Try it - Please give the lines below again exactly as they stand, from the one that contains "湖南武冈男子陈刚因与村民发生" up to and including the one that contains "La Scabiosa es", leaving all pictures out.

Data supplied -
◆ ◆ ◆ ◆ ◆ ◆ ◆

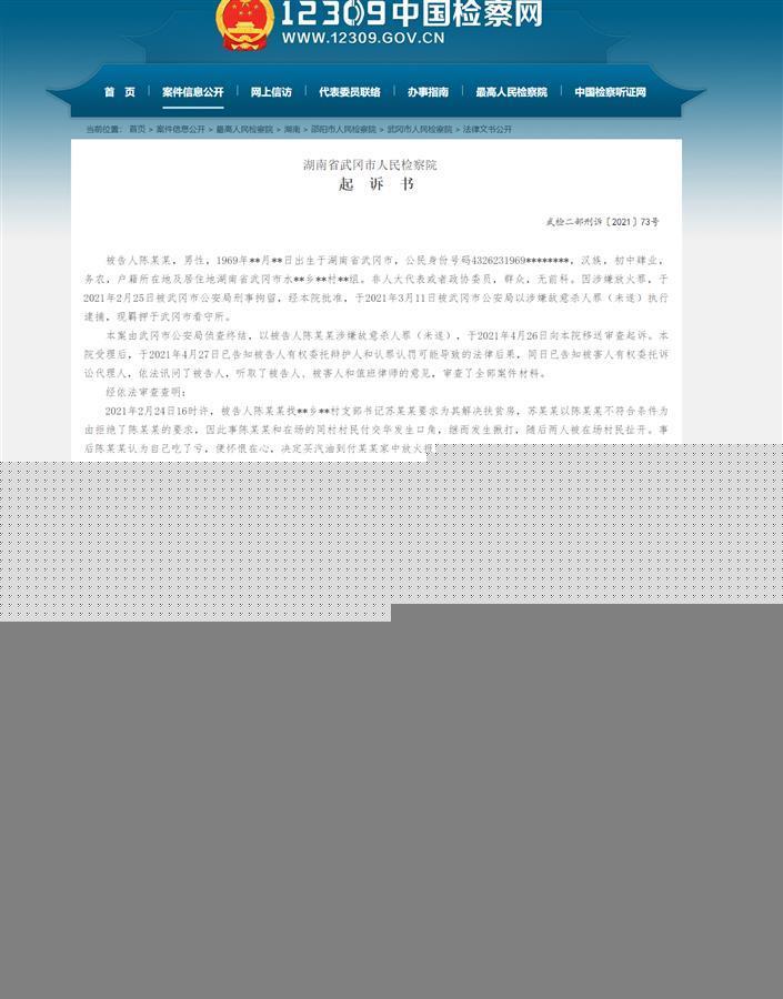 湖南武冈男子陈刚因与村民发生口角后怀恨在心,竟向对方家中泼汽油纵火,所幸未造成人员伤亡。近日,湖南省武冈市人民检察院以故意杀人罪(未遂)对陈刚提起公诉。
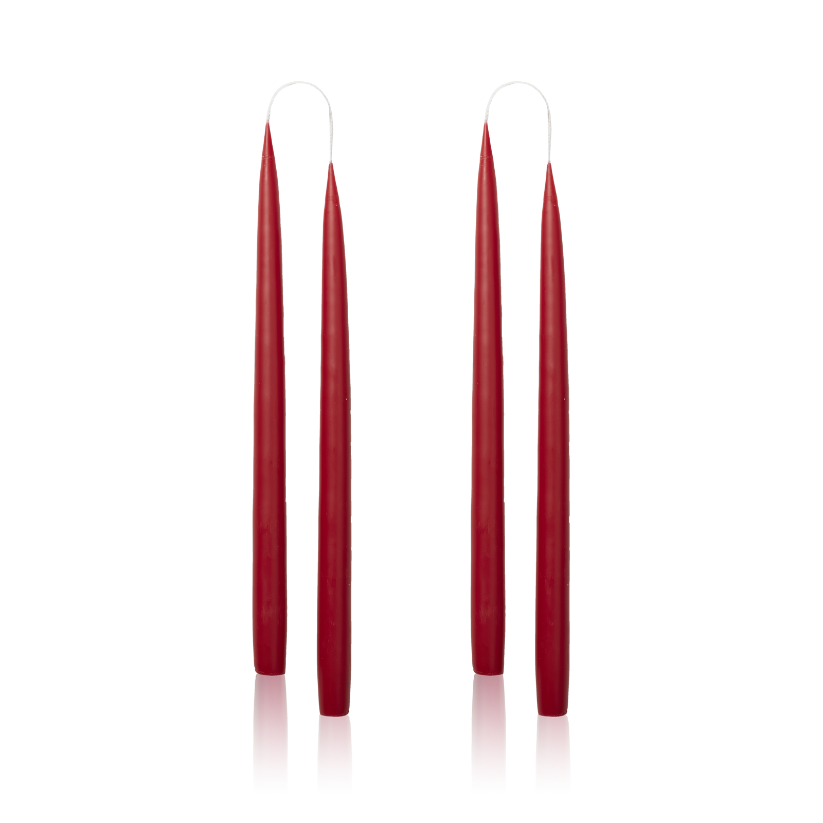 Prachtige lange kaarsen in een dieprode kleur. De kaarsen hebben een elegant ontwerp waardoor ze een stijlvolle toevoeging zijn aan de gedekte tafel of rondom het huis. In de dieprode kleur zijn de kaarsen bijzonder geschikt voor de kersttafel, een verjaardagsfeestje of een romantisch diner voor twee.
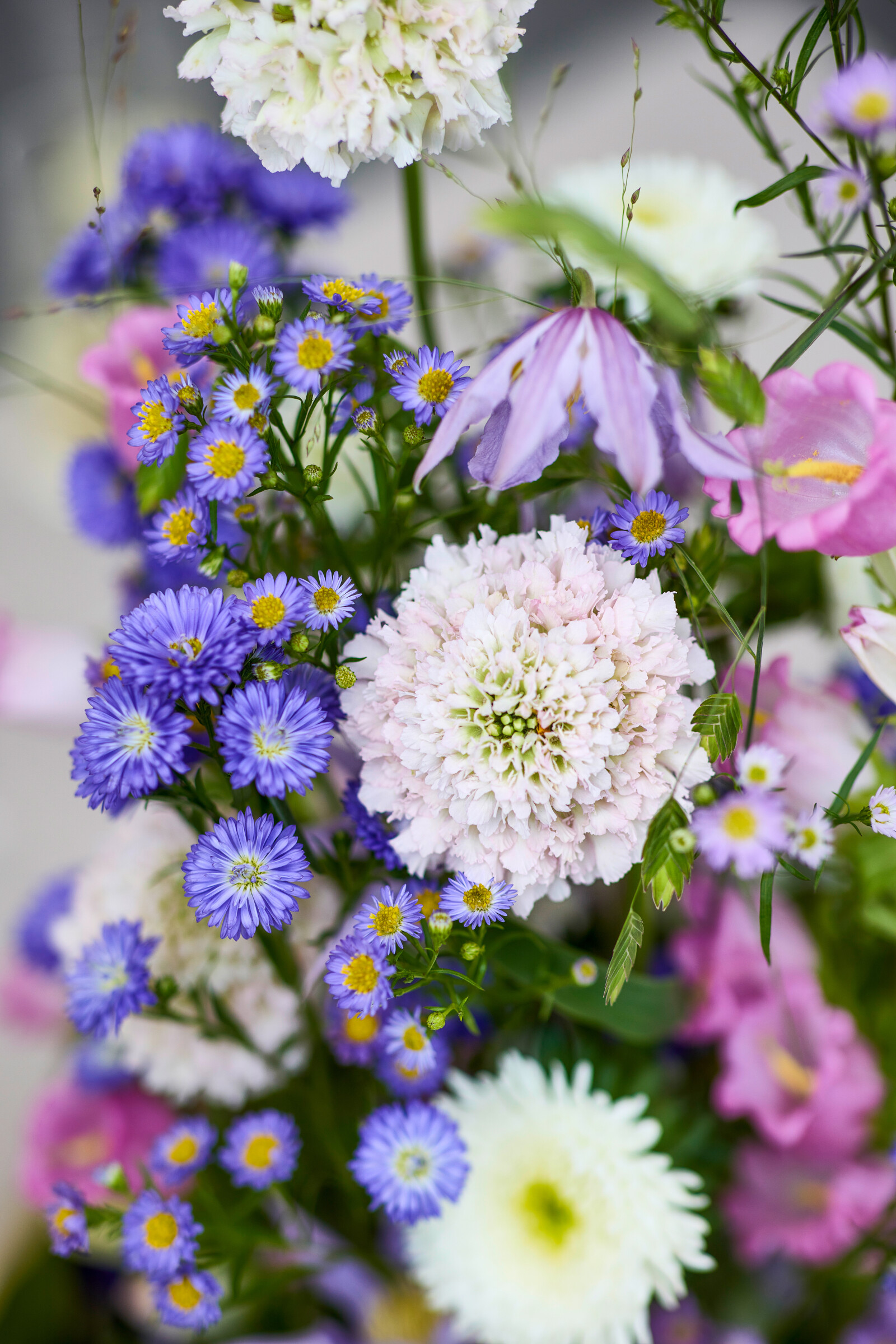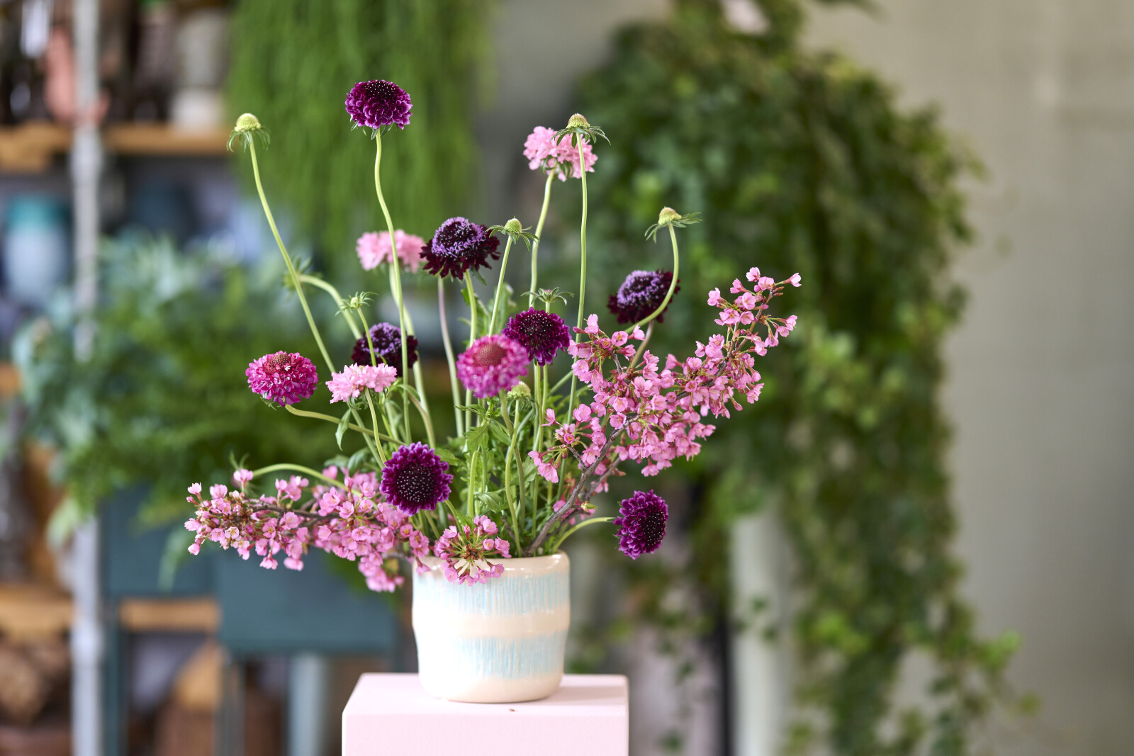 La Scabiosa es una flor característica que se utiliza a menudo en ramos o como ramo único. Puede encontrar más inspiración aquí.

◆ ◆ ◆ ◆ ◆ ◆ ◆

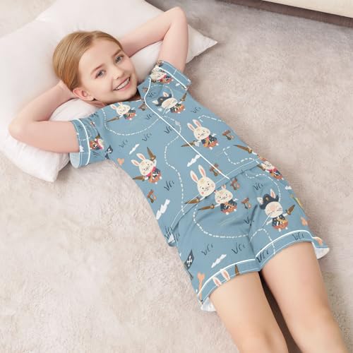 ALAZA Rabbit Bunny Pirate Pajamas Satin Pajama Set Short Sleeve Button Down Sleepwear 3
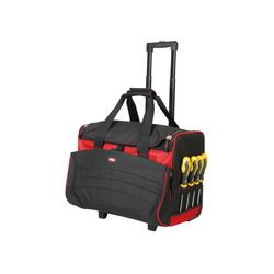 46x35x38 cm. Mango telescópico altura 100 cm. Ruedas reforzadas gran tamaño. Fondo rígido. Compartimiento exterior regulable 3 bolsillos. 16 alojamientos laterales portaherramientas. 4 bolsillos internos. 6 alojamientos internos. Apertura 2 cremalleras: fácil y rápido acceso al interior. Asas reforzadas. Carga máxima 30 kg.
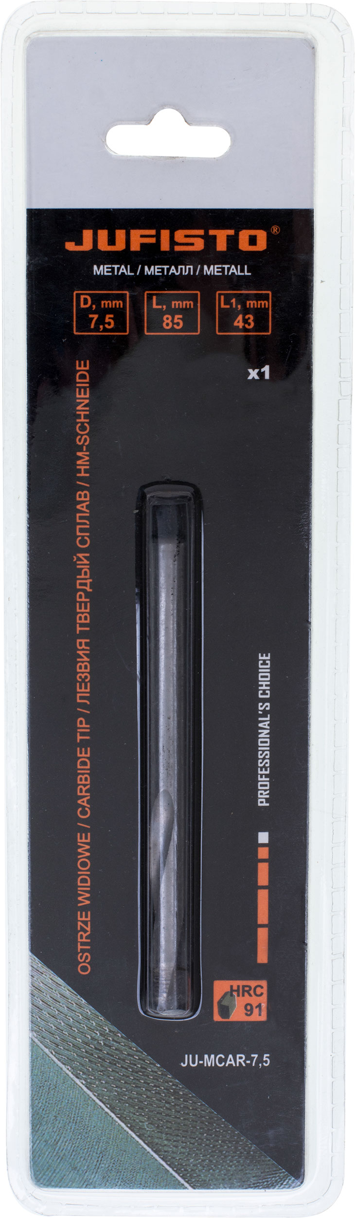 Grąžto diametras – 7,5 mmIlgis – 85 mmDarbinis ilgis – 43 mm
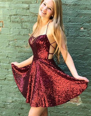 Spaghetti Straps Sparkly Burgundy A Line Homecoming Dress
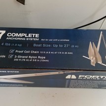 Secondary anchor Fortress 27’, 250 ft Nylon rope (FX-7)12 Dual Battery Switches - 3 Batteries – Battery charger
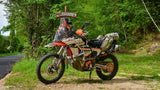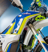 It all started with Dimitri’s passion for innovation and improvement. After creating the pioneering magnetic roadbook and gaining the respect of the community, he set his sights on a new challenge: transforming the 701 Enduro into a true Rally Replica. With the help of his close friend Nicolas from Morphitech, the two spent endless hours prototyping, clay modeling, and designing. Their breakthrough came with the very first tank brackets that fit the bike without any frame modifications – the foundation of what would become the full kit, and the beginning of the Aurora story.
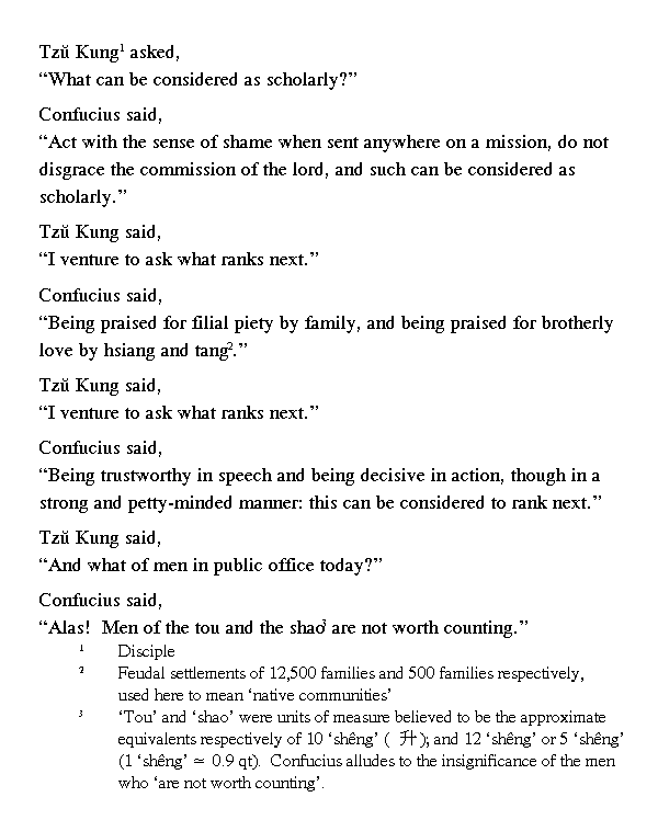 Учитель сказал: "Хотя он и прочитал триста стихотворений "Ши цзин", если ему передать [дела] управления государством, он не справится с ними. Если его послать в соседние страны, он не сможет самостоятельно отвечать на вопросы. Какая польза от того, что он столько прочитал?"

◆ ◆ ◆ ◆ ◆ ◆ ◆

Written answer -
 湖南武冈男子陈刚因与村民发生口角后怀恨在心,竟向对方家中泼汽油纵火,所幸未造成人员伤亡。近日,湖南省武冈市人民检察院以故意杀人罪(未遂)对陈刚提起公诉。
 Prachtige lange kaarsen in een dieprode kleur. De kaarsen hebben een elegant ontwerp waardoor ze een stijlvolle toevoeging zijn aan de gedekte tafel of rondom het huis. In de dieprode kleur zijn de kaarsen bijzonder geschikt voor de kersttafel, een verjaardagsfeestje of een romantisch diner voor twee.
 La Scabiosa es una flor característica que se utiliza a menudo en ramos o como ramo único. Puede encontrar más inspiración aquí.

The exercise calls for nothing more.